The answer, on the record, was that the tradition travels when a singer has done the listening work required to understand it at a level deeper than imitation. Yola's command of the gospel-soul vocabulary on Walk Through Fire was not an affectation; it was the result of years of serious engagement with the music. The album's credibility rested on that foundation.
Dan Auerbach and Easy Eye Sound
Auerbach, best known as the guitarist and vocalist of The Black Keys, had by 2019 developed Easy Eye Sound into one of Nashville's most distinctive independent production operations. The studio, which Auerbach built and operated on the East Side of Nashville, combined vintage recording equipment with a catalog focus on roots music, soul, and blues.
Easy Eye Sound artists in 2019 included Dr. John (whose final album The Cathedral was recorded at the studio), Yola, Shannon Shaw, and others. The label's aesthetic, characterized by warm analog production and respect for the historical traditions its artists drew on, gave Yola's debut a sonic environment that suited the material without imposing Nashville country conventions.
According to NPR's First Listen review of the album, the production gave Yola's voice "the kind of room it needs and deserves," positioning the music within the Americana and roots soul tradition that Easy Eye Sound was building its catalog around.
The Grammy Nominations and Their Significance
The four Grammy nominations for Walk Through Fire, covering Best New Artist, Best Americana Album, Best American Roots Performance, and Best American Roots Song, reflected the Recording Academy's recognition that Yola represented something genuinely new in the Americana and roots soul space: a voice from outside the American geographic tradition who had absorbed that tradition authentically enough to represent it at the highest level.

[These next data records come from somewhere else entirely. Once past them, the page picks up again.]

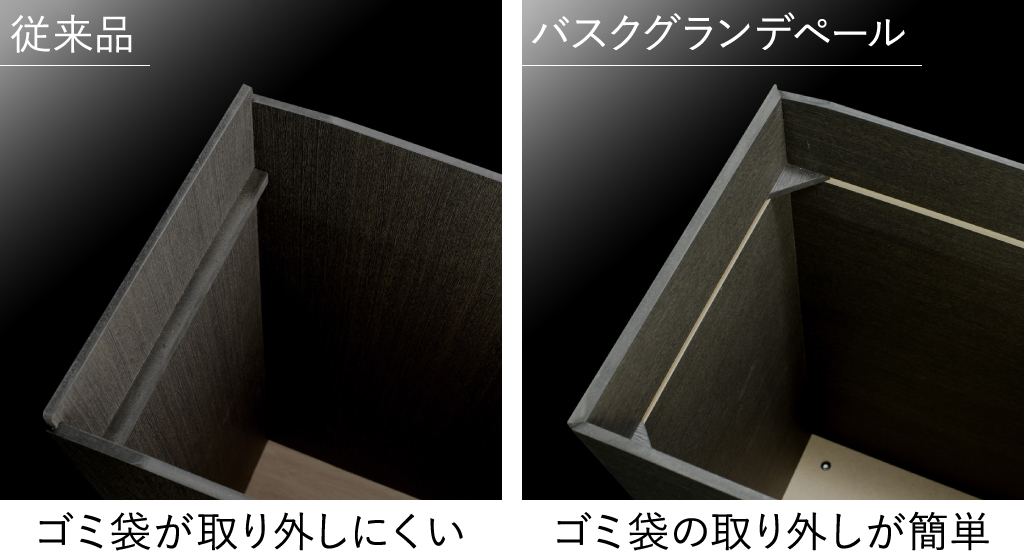 袋留めの台座形状を変更。ゴミが満タンに入った時の取り出しやすさが各段に上がりました。
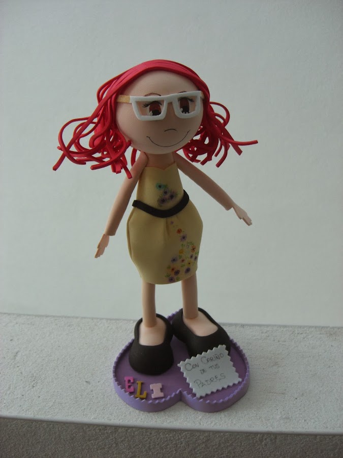 Me pidieron una fofucha no muy grande, que fuera sencillita pero que la chica se viera muy arreglada porque es muy presumida, con los datos que me aportaron este es el resultado. Medidas: 20cm
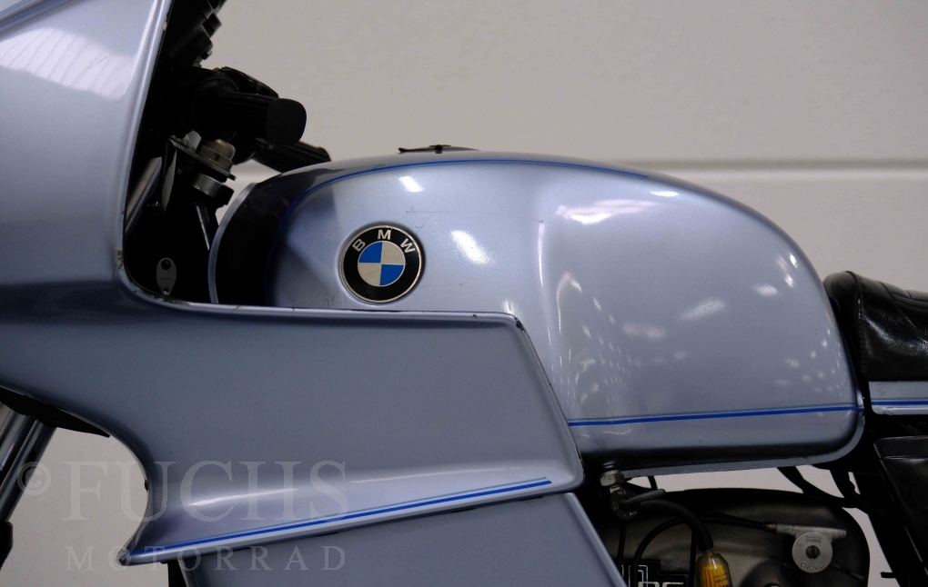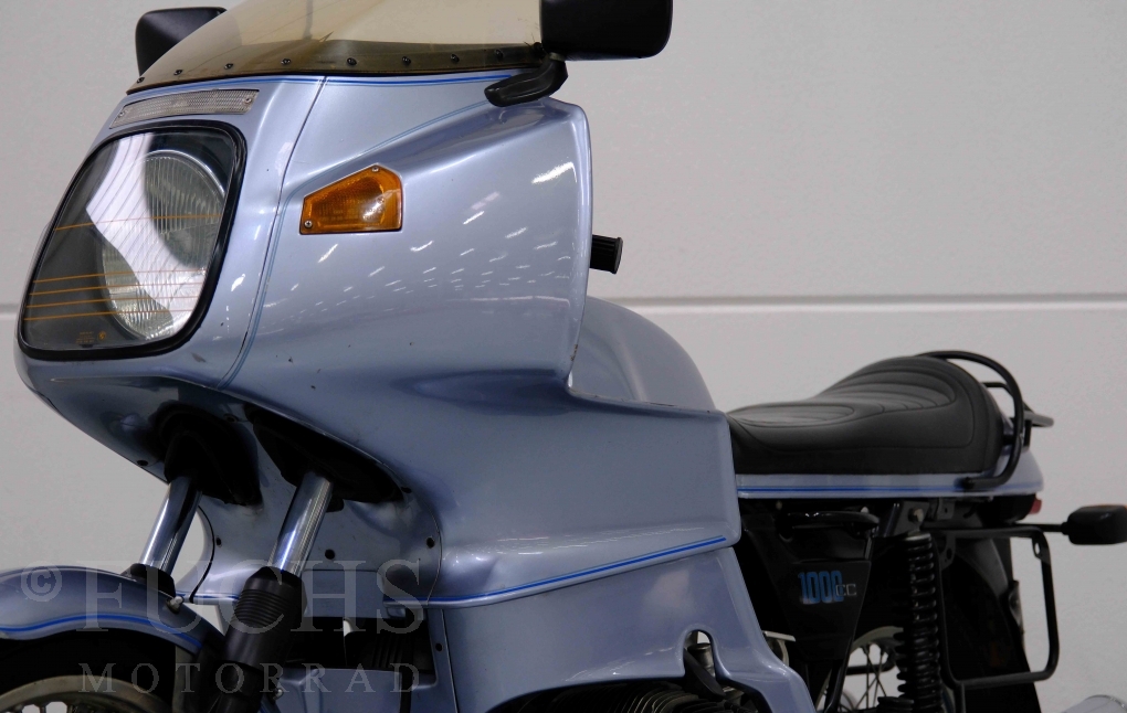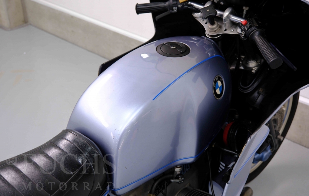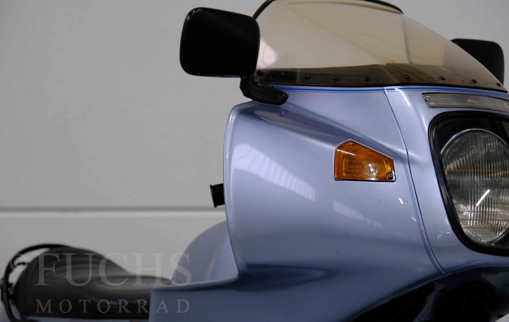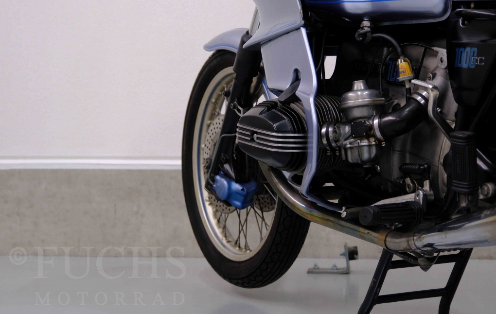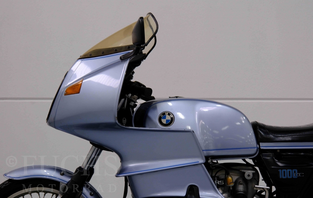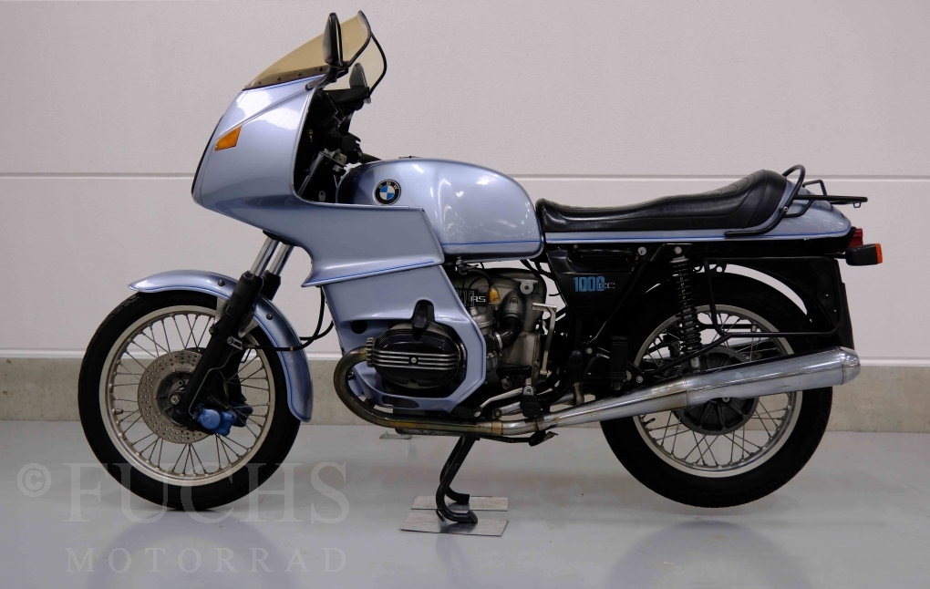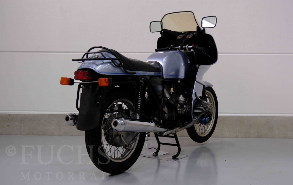 Die R 100 RS hat sich über viele Jahre großer Beliebtheit erfreut. Rund 33.000 Fahrzeuge wurden gebaut. Diese RS stammt aus den ersten Produktionsjahren was optisch leicht durch die Speichenräder zu identifizieren ist. Mit deer Vollverkleidung waren problemlos hohe Reisegeschwindigkeiten möglich. Nach einer Inspektion und der Montage neuer Reifen, ist die RS für ausgedehnte Motorradtouren in Verbindung mit dem Rückstoß in die frühen 80 Jahre bereit.

The Best New Artist nomination in particular was notable. The Grammy's New Artist category is one of the most contested in the awards, covering the full range of commercial music. A recognition in that category for an Americana and soul artist who had not had commercial radio success was a meaningful signal about the album's cultural impact.
The Bristol-Nashville Connection
Yola's trajectory from Bristol to Nashville illustrated a geographical narrative that was becoming more common in Americana and soul: artists from outside the American South, and from outside the United States entirely, bringing deep engagement with American roots traditions to Nashville's recording and performance infrastructure.
Nashville's openness to those voices, at least in the independent and Americana sector, reflected the city's evolution from a country-music-specific industry center to a broader American music hub. Easy Eye Sound, with its catalog spanning soul, blues, rock, and Americana, was one of the institutional expressions of that evolution.
The Career Foundation
Walk Through Fire established a foundation from which Yola built subsequent releases and a touring career on both sides of the Atlantic. The Grammy recognition had given her name recognition in the American market that would have taken multiple album cycles to build organically, and the critical consensus around the debut provided the credibility needed to develop that recognition into a sustainable career.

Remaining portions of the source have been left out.